Сергею стало неприятно, что Жорка повторил его слова, будто подслушал.

– А тебе что, спрашиваю? Может, она дочка твоего директора?

– Угадал. Однако не знаю, о чем речь?

– Слышал, на директорских дочек мода пошла. Баланда такая пущена.

– Мне директор до лампочки.

– А «волга»?

– И «волга» тоже. Я про твою учительницу спрашиваю. Девка культурная. Я ее давно приметил. Еще раньше твоего.

Жорка достал из шкафа бутылки с белой и красной головками, со звездочками и без звездочек.

– Открывай, с которой начинать… Эх, Сереженька, живем, хлеб жуем, а зачем жуем?

Принялся разворачивать свертки:

– Вот для нас балычок, вот сардиночки. Еще кой-чего достанем.

Сергея тянуло выпить, перебить, переломить день, но боялся, что за первой последуют не первые.

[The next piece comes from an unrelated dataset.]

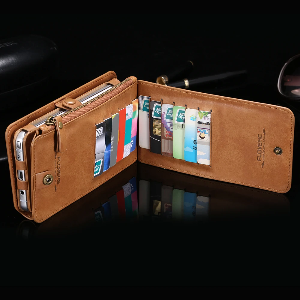 Features:FLOVEME Retro Leather Wallet Mobile Phone Case Bag

– И не помысли отказаться, – предостерег его Жорка, – не дай те господь оскорбить дружка, отойти от нашей душевности.

– Куда гнешь, не пойму.

– Не сомневайся. Ничего такого не последует. Ничего за мной нет. Верно тебе сказал, поменял жизнь. Однако не забывай, кто мы, одна крыша над головой. Нам врозь не приходится, Сереженька.

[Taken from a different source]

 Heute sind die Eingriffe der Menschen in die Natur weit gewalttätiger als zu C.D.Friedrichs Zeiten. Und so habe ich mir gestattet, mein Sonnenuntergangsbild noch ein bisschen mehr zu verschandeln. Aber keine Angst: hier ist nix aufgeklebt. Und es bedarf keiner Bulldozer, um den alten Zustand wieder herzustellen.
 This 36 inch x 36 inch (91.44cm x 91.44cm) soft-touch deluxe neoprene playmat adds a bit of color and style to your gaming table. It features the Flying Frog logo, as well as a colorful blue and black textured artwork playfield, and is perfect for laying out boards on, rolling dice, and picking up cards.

Сергей, не слушая его, думал о давешней встрече:

«Богатая учительница. Интересно живем. На тротуарах здороваемся, мировые вопросы решаем. А в машине вперед глядит, не замечает. Интересно живем, праведно – «ому как удастся».

– Ну, давай по первой! – торопил Егорий. – Культурно за культурненькую!

– Если уж на то, давай пойдем посидим как люди. С музыкой.

– А что нам музыка? Кто от накрытого стола уходит? Тихо-солидно, душевный разговор.

И Жорка звенел уже горлышком о край стакана.

Опрокинул стакан:

– Хорошо пошла!

Сергей молча осушил свой.

– Ну, и повторить не грех.

– Давно не пил стаканами… – откинулся на спинку стула Сергей.

– Стаканами! Да это ж стаканчики, стопочки.

Но, приметив, что Сергей и впрямь отвык от стаканов, Егорий отодвинул свой.

– Ладно, передохнем малость. Подзакусим, – не давая Сергею выбиться из хмеля, продолжал: – Послушай, Серега, я бы ни за что не завел подобный разговор, ни под каким видом; но ты сам признался – случайная встреча. Тебе случайная, мне вот так! – Жорка чиркнул себя большим пальцем по горлу.

Сергей слушал и не слушал его.

Егорий налил по второму стакану, придвинул стакан к себе и снова отодвинул в сторону.

– Ответь мне, Серега, одно. Как лучшему другу. У тебя что до нее, до этой самой, культурной? Серьез или между прочим?

Сергей склонился к стакану, поднял стакан и враз опрокинул.

– Слушай, Сережа, – прилип к его плечу Егорий, – давай сменяемся. По-хорошему. Без ссор, без обид. Я тебе за нее каких хочешь По-дружески. Чтоб ничего между нами. Каких хочешь, говорю. Есть одна, познакомлю; для себя берег. Полный стиль, модерная.

Неожиданность, наглость Егория придавили Сергея, слова не мог произнести.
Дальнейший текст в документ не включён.